Keith v. Secretary of the Department of Health & Human Services

55 Fed. Cl. 791, 2003 U.S. Claims LEXIS 86, 2003 WL 1872937
CourtUnited States Court of Federal Claims
DecidedMarch 25, 2003
DocketNo. 00-273V
StatusPublished
Cited by3 cases

This text of 55 Fed. Cl. 791 (Keith v. Secretary of the Department of Health & Human Services) is published on Counsel Stack Legal Research, covering United States Court of Federal Claims primary law. Counsel Stack provides free access to over 12 million legal documents including statutes, case law, regulations, and constitutions.

Bluebook
Keith v. Secretary of the Department of Health & Human Services, 55 Fed. Cl. 791, 2003 U.S. Claims LEXIS 86, 2003 WL 1872937 (uscfc 2003).

Opinion

OPINION

BASKIR, Judge.

Debra Kay Keith filed a petition in May 2000 seeking compensation under the National Vaccine Injury Compensation Program (Program), 42 U.S.C. §§ 300aa-10-34 (1994). She alleged that Tetanus shots she received in 1997 and 1998 caused her to contract Brachial Neuritis and aggravated her preexisting brain stem defect, a Chiari I malformation. While Ms. Keith presented thorough records documenting her symptoms and doctors’ evaluations, this evidence did not itself show that she had Brachial Neuritis or that the vaccination caused an aggravation of her brain stem defect. Ms. Keith lacked any medical expert opinion to substantiate her claims.

In late 2002, the Respondent filed a second Motion to Dismiss, alleging that the Petitioner had insufficient proof to make out a prima facie case of injury or causation in fact. The Respondent also alleged that the Petitioner had failed to comply with numerous orders requiring her to present an expert medical opinion, even after Special Master E. LaVon French granted her several extensions of time. Concluding there was insufficient evidence of causation and no medical expert opinion provided by the Petitioner to cure this defect, the Special Master found that the Petitioner had not met her burden of proof and was not entitled to compensation under the Program. Thus, the Special Master granted the Respondent’s motion in October 2002.
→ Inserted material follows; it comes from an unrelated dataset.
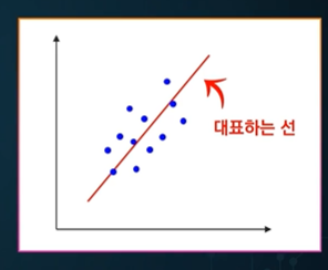 직선이 데이터를 잘 대표한다 - 점들간의 거리가 가장 적다 == loss, error가 적다!

The Petitioner filed her appeal of the Special Master’s dismissal on October 30, 2002, alleging that she presented sufficient proof of causation in the form of medical records and her own opinions. However, unsubstantiated claims of a petitioner, without more, do not entitle a person to compensation. While the Court does not dispute the nature or severity of her symptoms, Ms. Keith has presented no basis for overturning the Special Master’s decision. After examining the entire record before us and hearing the parties, we deny the petition and affirm the decision of the Special Master.

PROCEDURAL NOTE

Ms. Keith filed her petition below pro se. From September 2001 to November 2002, she was represented by counsel. After Ms. Keith filed her appeal, counsel withdrew from the case. Thus, because of Ms. Keith’s pro se status, we will liberally interpret her petition for review. See Forshey v. Principi, 284 F.3d 1335, 1357-58 (Fed.Cir.2002) (en banc).

FACTS

Ms. Keith first contends that her vaccinations caused Brachial Neuritis, one of the injuries listed in the Vaccine Injury Table. However, while her records indicate that she suffered symptoms similar to those associated with Brachial Neuritis, she has no medical [793]*793evidence establishing the cause of these symptoms. Second, Ms. Keith contends that the vaccinations aggravated her pre-existing Chiari I malformation. However, a review of her medical records fails to establish that the vaccination was a cause in fact of the aggravation, or that an aggravation occurred at all. Thus, as we shall see, while Ms. Keith has a long history of suffering from troublesome symptoms, she has not presented sufficient evidence to establish the vaccinations as a cause of any of them.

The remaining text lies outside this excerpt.